Every line from the one with "推送考场规则,营造考试氛围。" through the end of the material below, both ends included, should be transcribed exactly, without pictures.

Provided material -
· · · ·
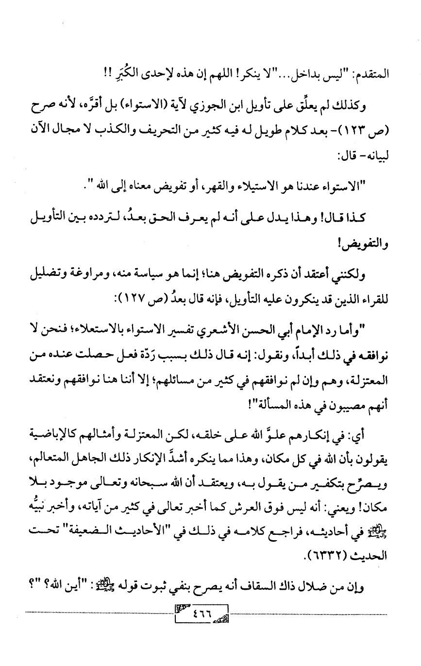 وكذلك لم يعلِّق على تأويل ابن الجوزي لآية (الاستواء) بل أقرَّه، لأنه صرح (ص 123) - بعد كلام طويل له فيه كثير من التحريف والكذب لا مجال الآن لبيانه- قال:
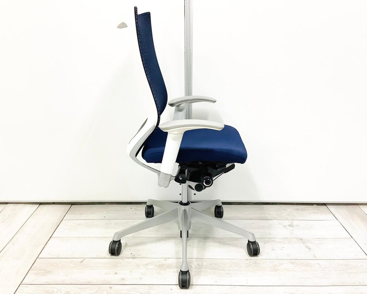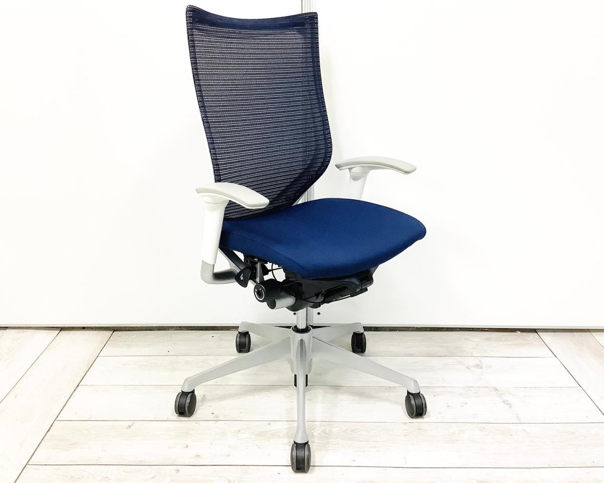 オカムラ製の大人気高級チェアシリーズが入荷!清潔感と爽快さを感じさせるブルー×ホワイト仕様! ■オカムラ/バロン/ダークブルー 可動肘付- 立川・八王子店
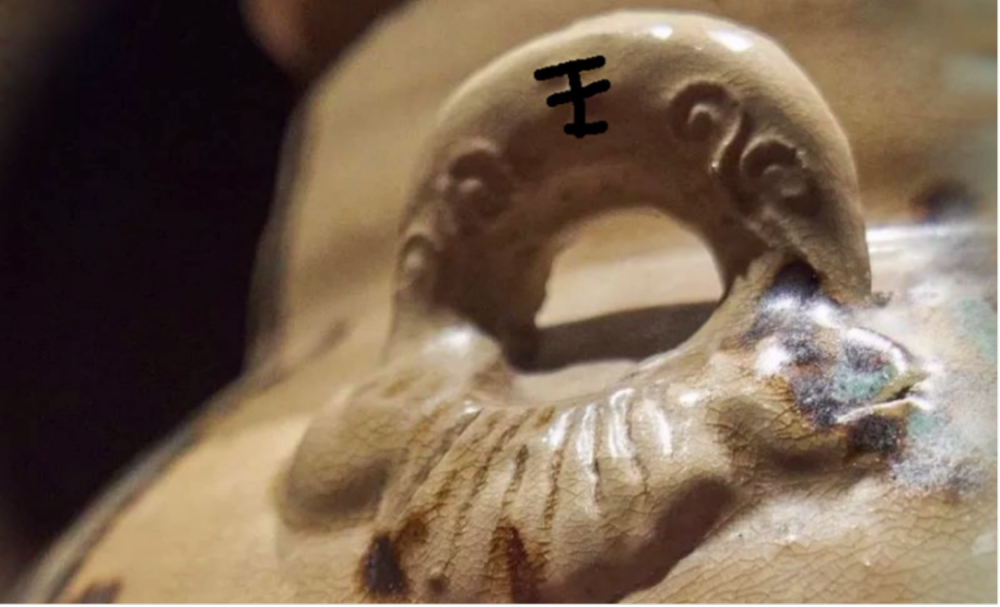 青釉褐綠點(diǎn)彩云紋雙耳罐的罐身印有“王”的字樣。圖片來(lái)源:揚(yáng)州日?qǐng)?bào)社
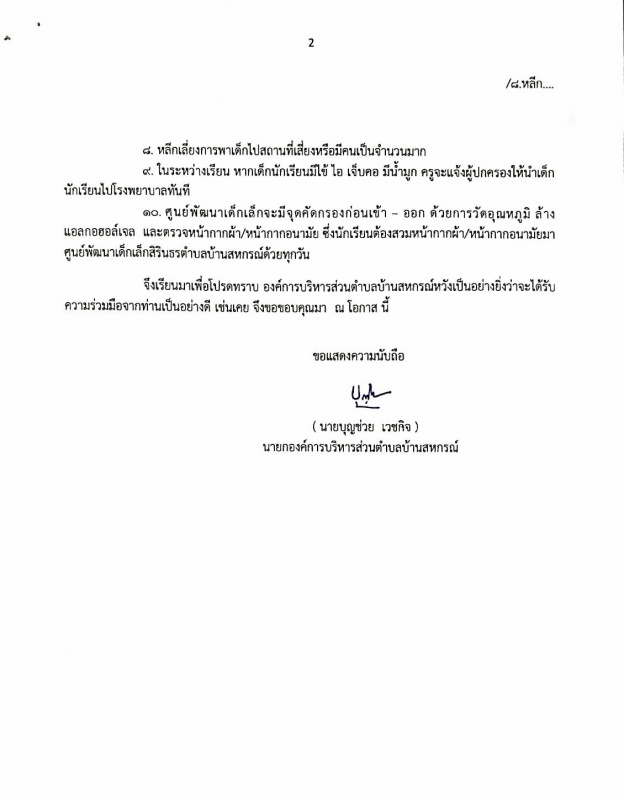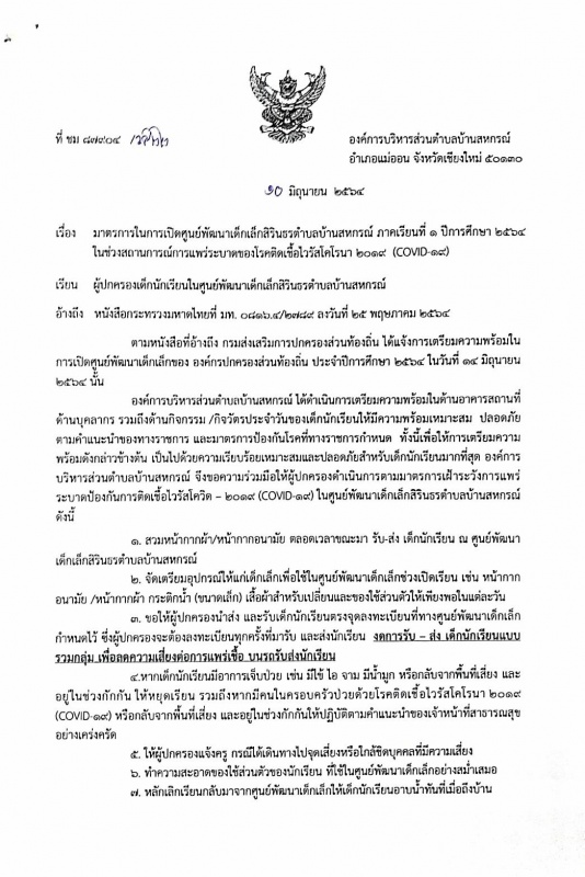 มาตรการในการเปิดศูนย์พัฒนาเด็กเล็กสิรินธรตำบลบ้านสหกรณ์ ภาคเรียนที่ 1 ประจำปีการศึกษา 2564
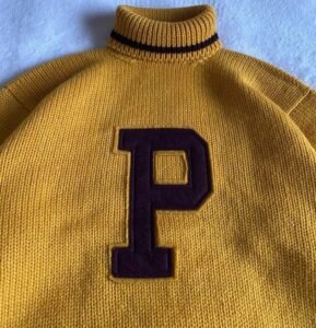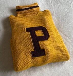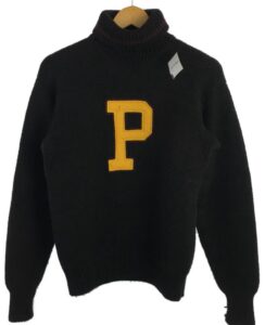 This “P” logo sweater belongs to Polo Ralph Lauren and strongly reflects its collegiate, sporty heritage.
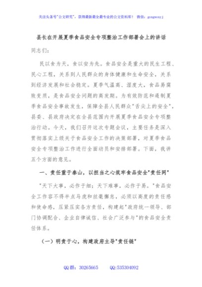 / 县长在开展夏季食品安全专项整治工作部署会上的讲话
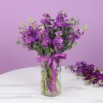 11 matthiolas violettes, feuilles - 3 tiges de feuilles Palviforia, disposées dans un vase cylindrique en verre - 10x20 cm.
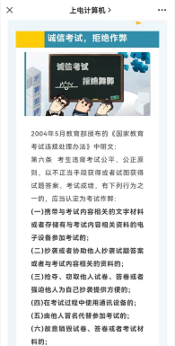 推送考场规则,营造考试氛围。公司发挥微信平台作用,推送主题教育“诚信考试,从我做起”,通过对考场规则和考试违规处理的介绍,加深员工对考试违纪作弊危害的认识,教育员工诚信为本,坚持自立自律、刻苦学习的作风,进而营造诚信笃学的良好考风。
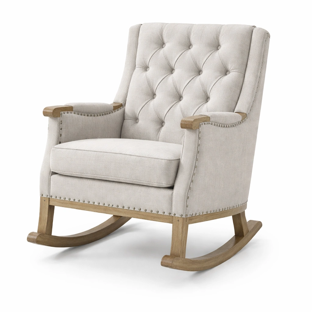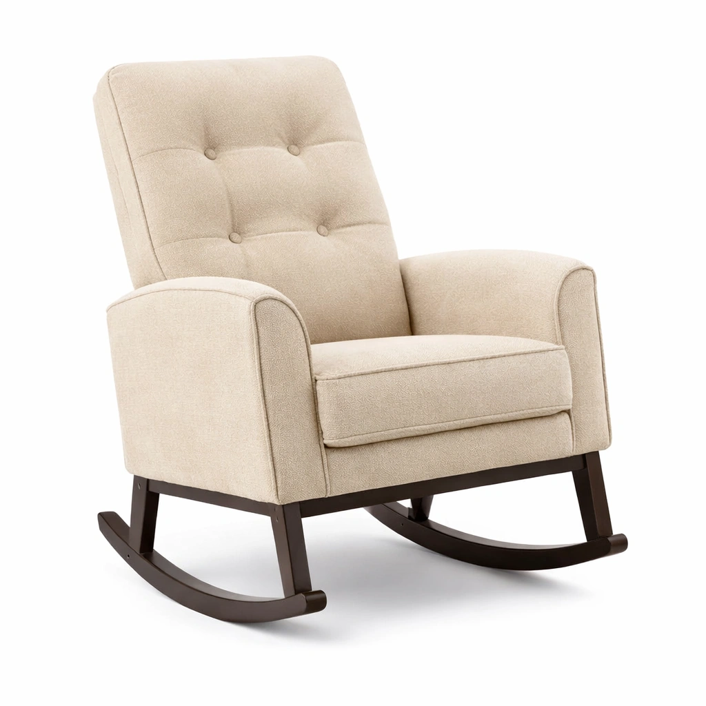 Silla mecedora de madera con tapizado de poliéster beige
· · · ·
Solved problem -
 推送考场规则,营造考试氛围。公司发挥微信平台作用,推送主题教育“诚信考试,从我做起”,通过对考场规则和考试违规处理的介绍,加深员工对考试违纪作弊危害的认识,教育员工诚信为本,坚持自立自律、刻苦学习的作风,进而营造诚信笃学的良好考风。
 Silla mecedora de madera con tapizado de poliéster beige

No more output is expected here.